Wednesday, February 17, 2010

The United States offered substantial political assurances that the agreement would be fulfilled

What is a substantial political assurance?

We have the text of a letter to the IAEA from the parties directly involved in the fuel swap deal: Russia, whose job would be to produce 20% enriched uranium; France, who would fabricate fuel plates; and the United States which would upgrade Iran's research reactor and probably have some role in the financing of the deal.
The United States offered substantial political assurances that the agreement would be fulfilled.
Seriously. What does that even mean? What could it possibly mean?

My best guess, and I’m dumbfounded while guessing, is that Barack Obama himself privately gave his word that he’d try to make sure the West honored the agreement. I don’t know how to express how meaningless “substantial political assurances” must appear to Iran. Because worse than if they hadn’t been given, they are insulting. This really feels like a “trade gold for candy with children” situation.

1) Bushehr has not been fulfilled, and the US is not more trustworthy than Russia.

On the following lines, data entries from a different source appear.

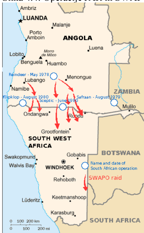
Slika 4.4: Operacije JAR in SWAPO 1978 - 1980
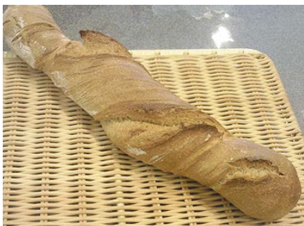
ペイザンバゲット
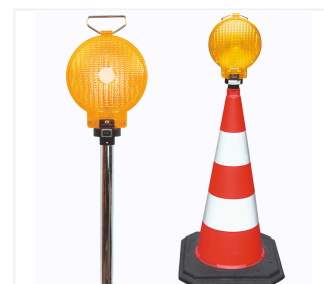
Lampa z trzonkiem LED typu 62/S na pachołku
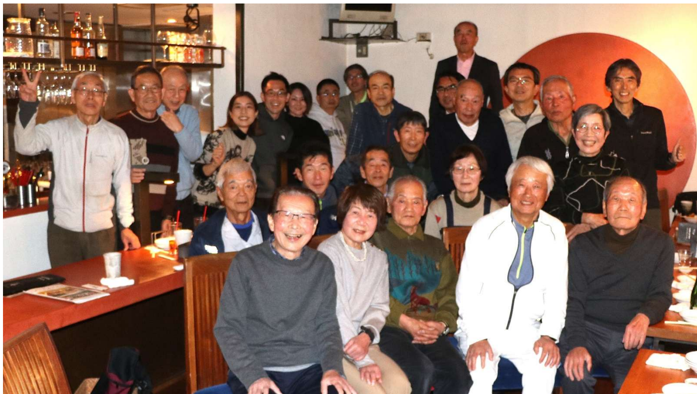
1月19日 新年会(まんま屋汁べー)
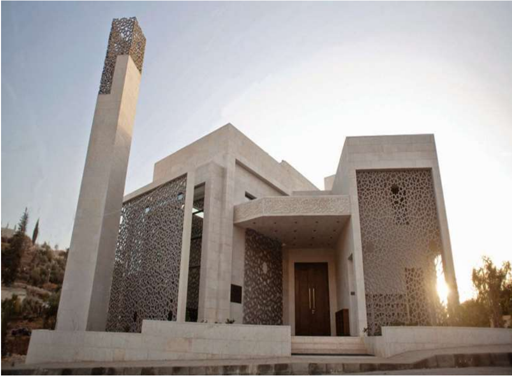
صورة رقم (١٢) مسجد الروضة بعمان في الأردن (٧)
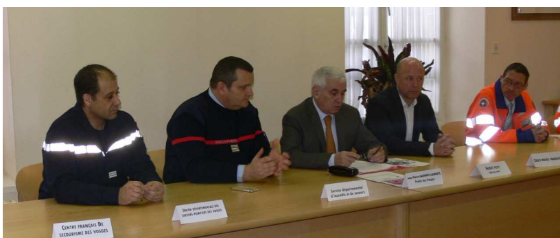
Présentation de l'opération « les gestes qui sauvent » par le Préfet des Vosges le 4 février 2016.

Pour aller plus loin : www.ilyadesgestesquisauvent.fr ou s'inscrire à l'initiation www.vosges.gouv.fr
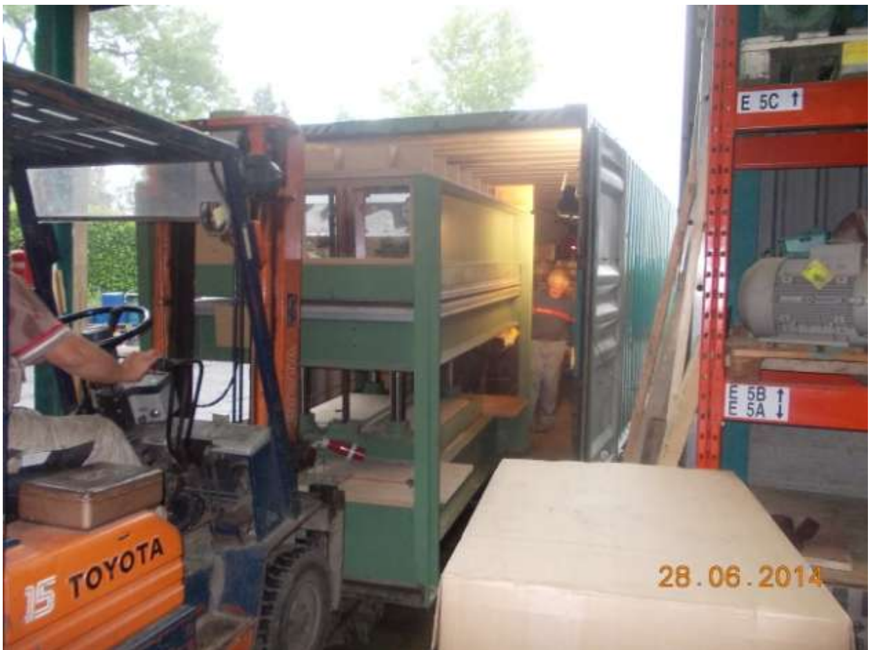
Chargement d'une presse
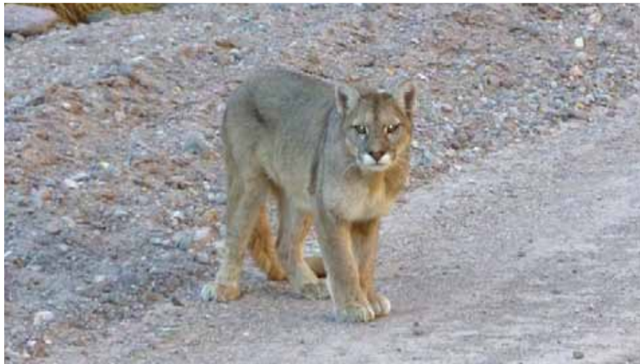
Los pumas se encuentran presentes a lo largo de todo el territorio nacional.

Después de que en los últimos días, se denunciara la presencia y hasta presuntos ataques del felino, desconocidos le dieron muerte, situación que derivó en una denuncia ante Fiscalía por parte del SAG, además del repudio de varias personas.
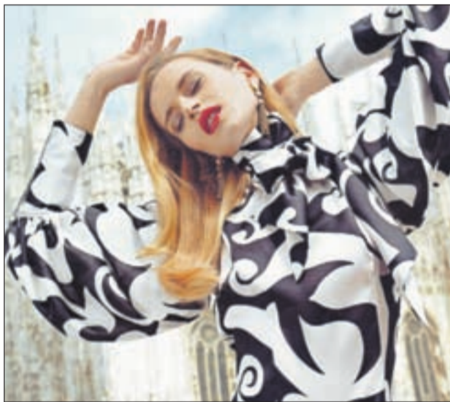
Vzorec, svila, pentlja - za maksimalen trendni učinek

Danes se bomo spogledovali s svilo. Če se v svilo še niste zaljubili, je skrajni čas, da se to zgodi. Ljubezen na prvi pogled ali dotik, kakorkoli hočete. Svila zadovolji potrebo po eleganci, zapeljevanju, presenečenju. V njenem objemu se ženska počuti kot romantična princesa ali kot drzna popotnica. Tako kot žensko ali pa še bolj neti tudi moško domišljijo.
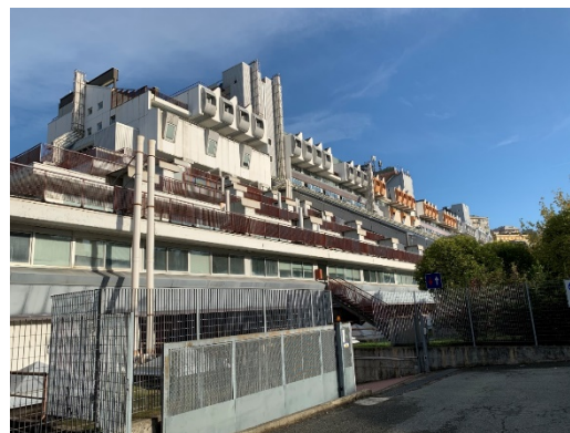
図 8 ジェノバ大学本部中庭(左), 図書館へと続く廊下(中央), 化学・工業化学科建屋(右)
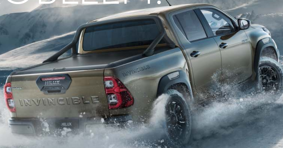
Afgebeeld: Hilux Invincible
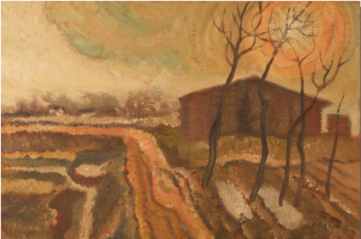
Ap 3,3 - Ricorda dunque come hai ricevuto e ascoltato la Parola, custodiscila...
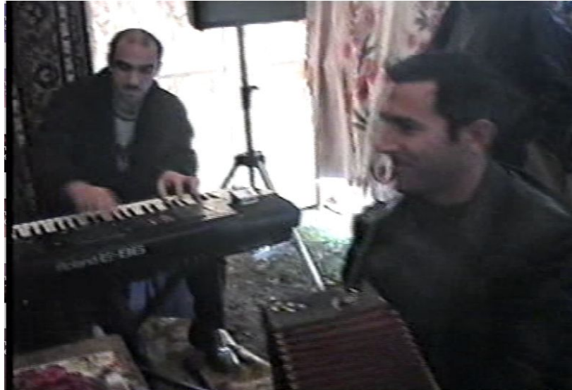
Ağtaş'ta düğün çadırında Org ve Garmon çalan müzisyenler.

Azerbaycan Karaçi topluluğu müzikle ilgilenenler kırsal bölgelerde yaşamlarını sürdürmektedirler. Bu sebeple müzisyenliği düğün, kına, nişan gibi kutlamaların olduğu özel günlerde meslek olarak yapmaktadırlar. Azerbaycan'da Karaçilerin düğün mekânlarında icra ettikleri müzikler, yoğun olarak Azerbaycan'ın yerel, yöresel ve kültürel özelliklerini yansıtmakla beraber, Karaçilerin kendi üslupsal farklılıklarını da göstermektedir.
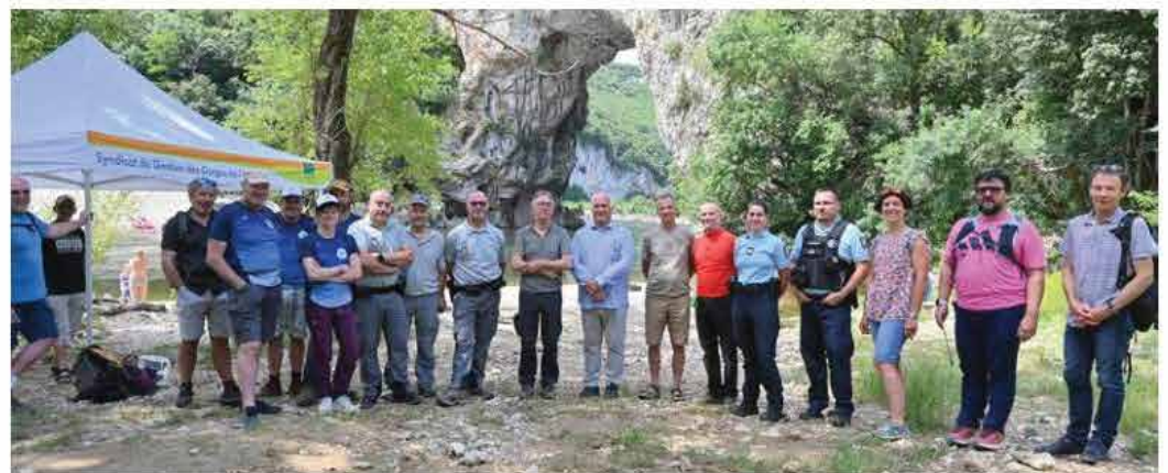
Lancement de saison

randonnée sur la Combe d'Arc et des animations autour de la pêche sur les berges de l'Ardèche. La présentation de l'exposition et du livret poster « L'Esprit des gorges de l'Ardèche » a également eu lieu, dans le cadre du projet Grand Site de France. Une cinquantaine de personnes était présente.
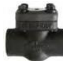
Válvula retención tipo pistón de acero forjado clase 800 roscada y socket weld
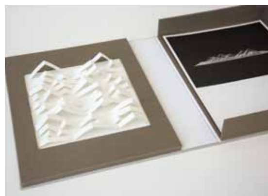
← Paisaje Privado 2019 Libro de artista 24 x 30,5 x 6,5
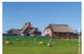
Einmal per Kutsche ‚über Rungholt fahren‘. Kutschfahrten zur Vogelschutz-Hallig Südfall im Sommerhalbjahr täglich (oben).

Die unendliche Weite, die friedliche und ruhige Landschaft und die frische Nordseeluft genießen – das ist Erholung pur! Wir laden Sie ein, unsere einmalige Natur zu bestaunen und per Schiff die nordfriesische Insel- und Halligwelt zu besuchen. Die Wunder des Weltnaturerbes Wattenmeer lassen sich hier bei uns aktiv zu Fuß bei einer Wattwanderung oder mit der Pferdekutsche erkunden. Ein Teil des längsten Fahrradweges der Welt (6.000 km), der North-Sea-Cycle-Route, führt über Nordstrand und lässt das Radfahrer-Herz höher schlagen.
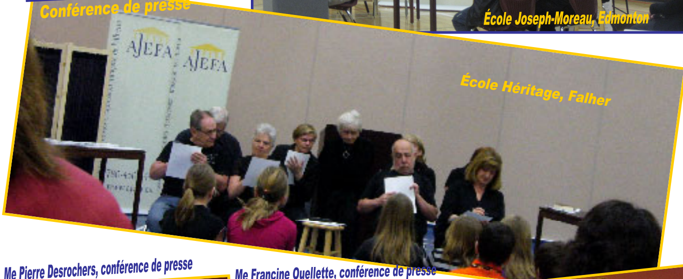
École Héritage, Falher
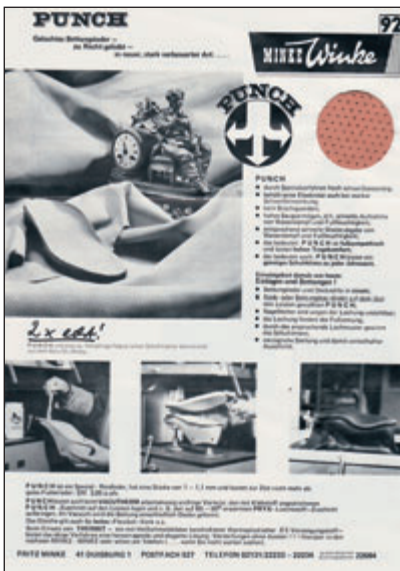
PUNCH mit Muster zum Kennenlernen.
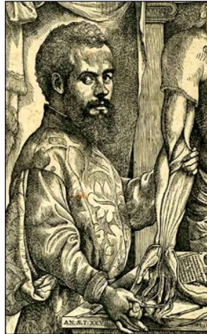
Andreas Vesalius (1514–1564)
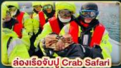
ล่องเรือจับปู Crab Safari

📅 เดินทาง: 08-16 ต.ค. | 07-15 พ.ย. 30 พ.ย. - 08 ธ.ค. 69
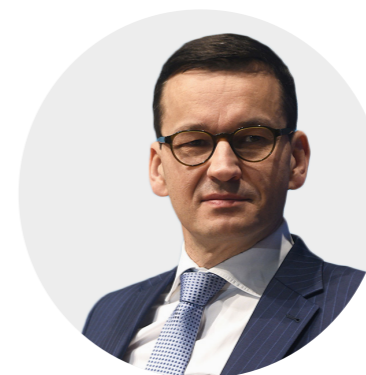
Mateusz Morawiecki premier
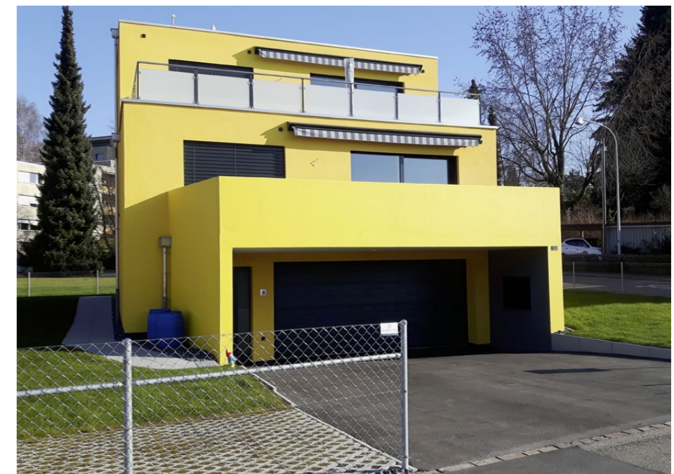
Hier wäre eine mutigere Gestaltung der Umgebung wünschenswert. Die Urban Psychology sieht hier eine monotone Umgebung. Auch wenn immerhin versucht wird, Gegensteuer zu geben mit fröhlich wirkender gelber Farbe und einem am linken Hauseck platzierten Gartenzweig.

Regelwerke mit Freiheiten haben sich gut bewährt. Zum Beispiel eine wenige Meter breite Übergangszone zwischen Häusern und Strasse. Diese für Passanten einsehbareren Vorgärten können dann individuell gestaltet werden. Auch Ortsbezug ist wichtig, etwa Konzepte, die natürlich vorkom-
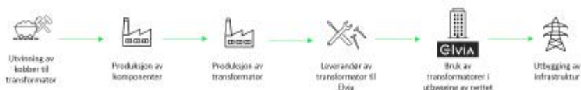
Figur: Illustrasjon av Prosjekt Kobber og ledd i verdikjeden
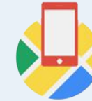
Maps SDK für iOS

2) The only reason it makes sense that Iran’s uranium has to be removed from the country instead of sealed by the IAEA in Iran is if the US does not plan on delivering the fuel, or at least considers that an important contingency.

3) The idea that the terms of the deal cannot be further negotiated detracts from the credibility of the West.

Iran says its willing to do a swap, if a swap would actually happen, and Iran would actually get fuel. The deal is structured to at least give the US the option of withholding fuel unless Iran makes further concessions. Why must it be structured that way?

At the end of October, the US could, and if it wanted a swap should, have ordered production of fuel plates to start. By now, three months later, enough fuel would be ready that Iran could have made the trade, secure that there is no funny business involved, in early February and Iran’s LEU would, by today, be gone.

The unescapable conclusion is that what could be a simple swap deal is complicated by the US ambition (which might as well be openly stated) of using the fuel to pressure Iran into making further concessions on its nuclear program, and giving up any military nuclear capability.

It is time to move past that. Iran is certainly not giving up enrichment and also probably will not subject the size of its uranium stock or pace of uranium production to limits set by the US in exchange for reactor fuel.

Or not. The US does not have to accept an Iranian military nuclear capability today, even though by today it is a reality. Four years from now, the US will be willing to offer a far more complete nuclear capability than it is willing to offer today. Imagine the limits Iran would have accepted on its nuclear program four years ago. A cap on its domestic uranium stock of 500 kilograms of 3.5 LEU and nothing higher and fewer than four thousand operational centrifuges could have been agreed easily at that time and Iran would probably be implementing and have ratified the additional protocols by now. A deal like that is far more than the Iranians were asking for at the time. Oh, also Iran would be making intense efforts to stabilize Iraq and Afghanistan in concert with the US by now.

The US instead has moved, sometimes ambivalently, down the road of increased hostility with Iran. Israel has benefited because the principle that countries that do not accept Israel's legitimacy and support parties that share that non-acceptance are economically punished has been maintained. I can't see how the US has benefited, or will benefit from continuing the current path.

1 comment:

Anonymous said...

"Do you think you are dealing with a 4-year-old child to whom you can give some walnuts and chocolates and get gold from him?"

President Ahmadinejad, May 2006, responding to the West's nuclear "offers."